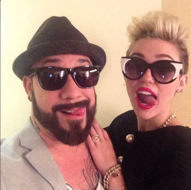 Después de la actuación de BSB en Live With Kelly and Michael nuestro AJ en camerinos se a encontrado con Miley Cyrus y se a echo esta foto que a compartido en Instagram, a continuacion la foto y el mensaje
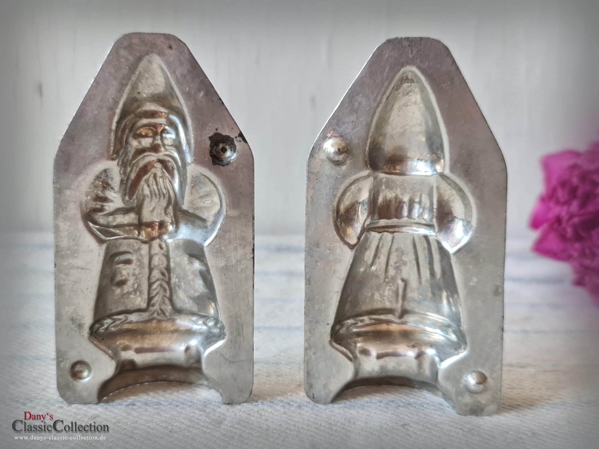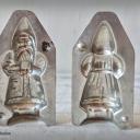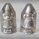 Tolle alte Nikolaus Schokoladenform aus verzinntem Weißblech, bestehend aus Vorder- und Rückseite, liebevoll detailliert gearbeitet.
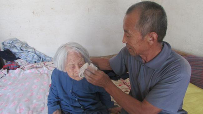 “有天我從地里干活回來,她就開始神志不清,誰也不認識了。”晉學緒說,2010年,岳母開始小腦萎縮,癱瘓在床,完全喪失了自理能力。吃飯、穿衣、上廁所,都要靠我來幫她。”細心的晉學緒邊學邊做,把老人照顧得非常周到。
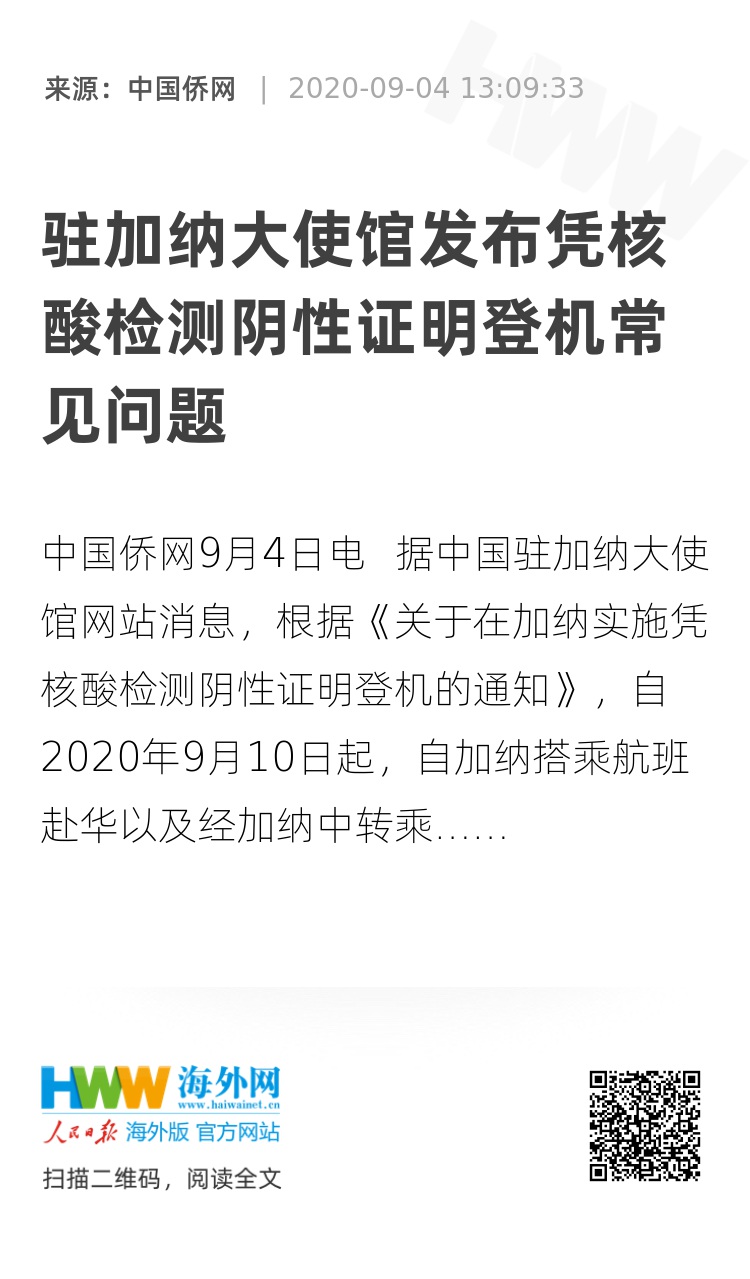 中国侨网9月4日电 据中国驻加纳大使馆网站消息,根据《关于在加纳实施凭核酸检测阴性证明登机的通知》,自2020年9月10日起,自加纳搭乘航班赴华以及经加纳中转乘机赴华的中、外籍乘客,须凭新冠病毒核酸检测阴性证明申领带“HS”标识的绿色健康码或健康状况声明书。现就近期赴华乘客比较关心的问题集中答复如下:
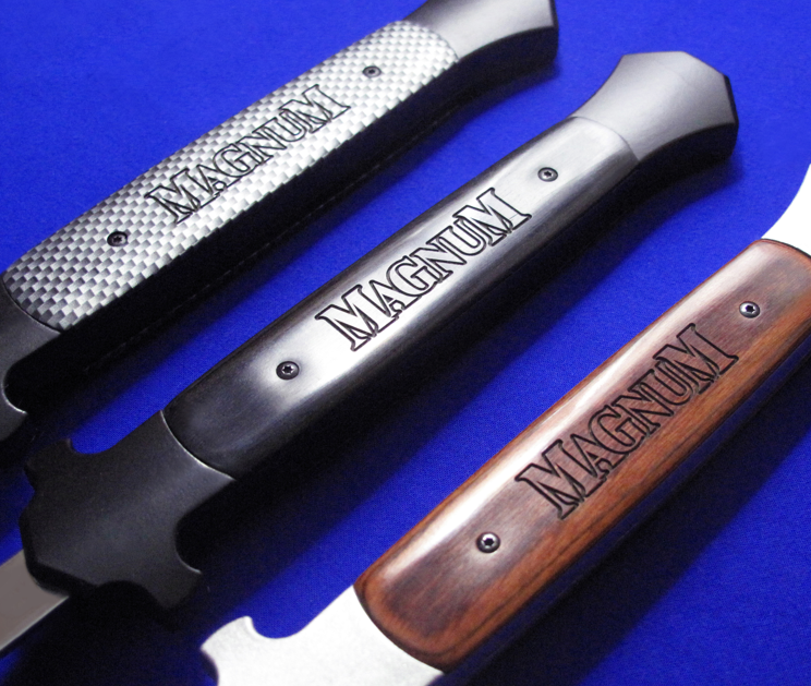BOKER博克马格南 西西里全自动直跳,XXL。 提示:请留意尺寸,这是XXL,比XL还要大。 全长:32.8cm。 刃厚:2.8mm。 刃材:4034。 柄材:T6骨架,实木贴片。 产地:中国代工(博克的马格南系列,产地都是中国)。 提示:低端直跳不要和微技术比,完美主义慎购。
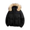 Stay warm and stylish this winter with the Couple's Winter Leather Down Jacket. This short and loose-fitting jacket is designed for optimal comfort and mobility, making it perfect for outdoor activities. It features a thickened design to keep you cozy in chilly weather, and the large fur collar and hood add a touch of luxury and additional warmth. Made from high-quality polyester materials, including polyester fiber fur, this jacket offers durability and a trendy look for couples seeking both elegance and functionality.
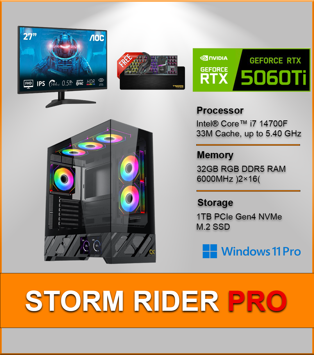 STORM RIDER PRO is a performance-focused gaming PC bundle built for competitive esports and demanding AAA titles. Powered by Intel Core i7-14700F and GeForce RTX 5060 Ti 16GB, it delivers ultra-high FPS, fast rendering, and smooth multitasking, paired with a next-gen AOC 27″ dual-mode monitor and premium RGB components for a clean, powerful gaming setup.
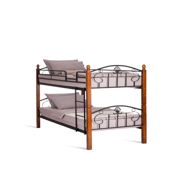 Двухъярусная раскладная (возможно использовать как 2 одноярусные) кровать. Материал: ножки - дерево гевея; основание, изголовье, изножье - металл. Усиленная база.
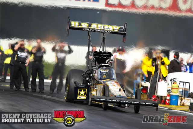 “We know how run down this race track, same crew chief, same guys,” said the driver of the U.S. Army dragster who had been shut out at Heartland Park Topeka before winning in 2010. “In reality, it’s Topeka, it’s a great place, the air was perfect and, uh…we’re No. 1.”
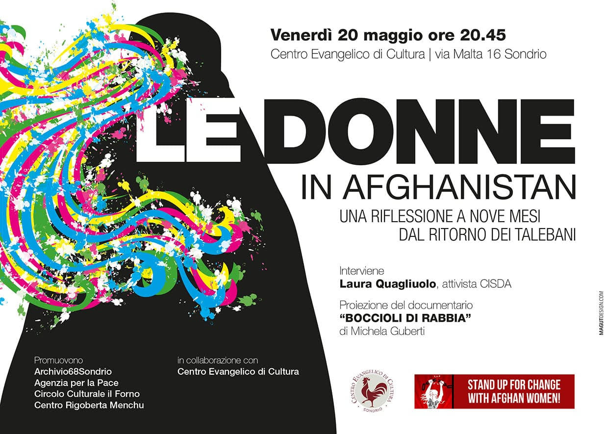 Archivio68Sondrio, Agenzia per la Pace, Circolo culturale Il forno e Centro di documentazione Rigoberta Menchù, in collaborazione con il Centro evangelico di cultura, promuovono venerdì 20 maggio alle ore 20.45 a Sondrio l'incontro pubblico "Le donne in Afghanistan. Una riflessione a nove mesi dal ritorno dei talebani".
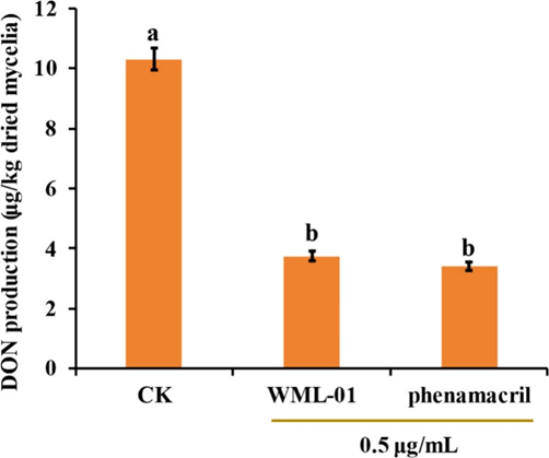 研究发现WML-01能够明显降低镰刀菌DON毒素的产生(图3):经WML-01(0.5 μg/mL)处理后,禾谷镰刀菌产生的DON量为3.78 μg/kg干菌丝体,显著低于空白对照组(10.28 μg/kg干菌丝体),且与相同浓度的氰烯菌酯处理组(3.60 μg/kg干菌丝体)相当。

# # # #

Task directions: All of the data above is to be repeated exactly, with the pictures left out.

Result:
 Después de la actuación de BSB en Live With Kelly and Michael nuestro AJ en camerinos se a encontrado con Miley Cyrus y se a echo esta foto que a compartido en Instagram, a continuacion la foto y el mensaje
 Tolle alte Nikolaus Schokoladenform aus verzinntem Weißblech, bestehend aus Vorder- und Rückseite, liebevoll detailliert gearbeitet.
 “有天我從地里干活回來,她就開始神志不清,誰也不認識了。”晉學緒說,2010年,岳母開始小腦萎縮,癱瘓在床,完全喪失了自理能力。吃飯、穿衣、上廁所,都要靠我來幫她。”細心的晉學緒邊學邊做,把老人照顧得非常周到。
 中国侨网9月4日电 据中国驻加纳大使馆网站消息,根据《关于在加纳实施凭核酸检测阴性证明登机的通知》,自2020年9月10日起,自加纳搭乘航班赴华以及经加纳中转乘机赴华的中、外籍乘客,须凭新冠病毒核酸检测阴性证明申领带“HS”标识的绿色健康码或健康状况声明书。现就近期赴华乘客比较关心的问题集中答复如下:
BOKER博克马格南 西西里全自动直跳,XXL。 提示:请留意尺寸,这是XXL,比XL还要大。 全长:32.8cm。 刃厚:2.8mm。 刃材:4034。 柄材:T6骨架,实木贴片。 产地:中国代工(博克的马格南系列,产地都是中国)。 提示:低端直跳不要和微技术比,完美主义慎购。
 Stay warm and stylish this winter with the Couple's Winter Leather Down Jacket. This short and loose-fitting jacket is designed for optimal comfort and mobility, making it perfect for outdoor activities. It features a thickened design to keep you cozy in chilly weather, and the large fur collar and hood add a touch of luxury and additional warmth. Made from high-quality polyester materials, including polyester fiber fur, this jacket offers durability and a trendy look for couples seeking both elegance and functionality.
 STORM RIDER PRO is a performance-focused gaming PC bundle built for competitive esports and demanding AAA titles. Powered by Intel Core i7-14700F and GeForce RTX 5060 Ti 16GB, it delivers ultra-high FPS, fast rendering, and smooth multitasking, paired with a next-gen AOC 27″ dual-mode monitor and premium RGB components for a clean, powerful gaming setup.
 Двухъярусная раскладная (возможно использовать как 2 одноярусные) кровать. Материал: ножки - дерево гевея; основание, изголовье, изножье - металл. Усиленная база.
 “We know how run down this race track, same crew chief, same guys,” said the driver of the U.S. Army dragster who had been shut out at Heartland Park Topeka before winning in 2010. “In reality, it’s Topeka, it’s a great place, the air was perfect and, uh…we’re No. 1.”
 Archivio68Sondrio, Agenzia per la Pace, Circolo culturale Il forno e Centro di documentazione Rigoberta Menchù, in collaborazione con il Centro evangelico di cultura, promuovono venerdì 20 maggio alle ore 20.45 a Sondrio l'incontro pubblico "Le donne in Afghanistan. Una riflessione a nove mesi dal ritorno dei talebani".
 研究发现WML-01能够明显降低镰刀菌DON毒素的产生(图3):经WML-01(0.5 μg/mL)处理后,禾谷镰刀菌产生的DON量为3.78 μg/kg干菌丝体,显著低于空白对照组(10.28 μg/kg干菌丝体),且与相同浓度的氰烯菌酯处理组(3.60 μg/kg干菌丝体)相当。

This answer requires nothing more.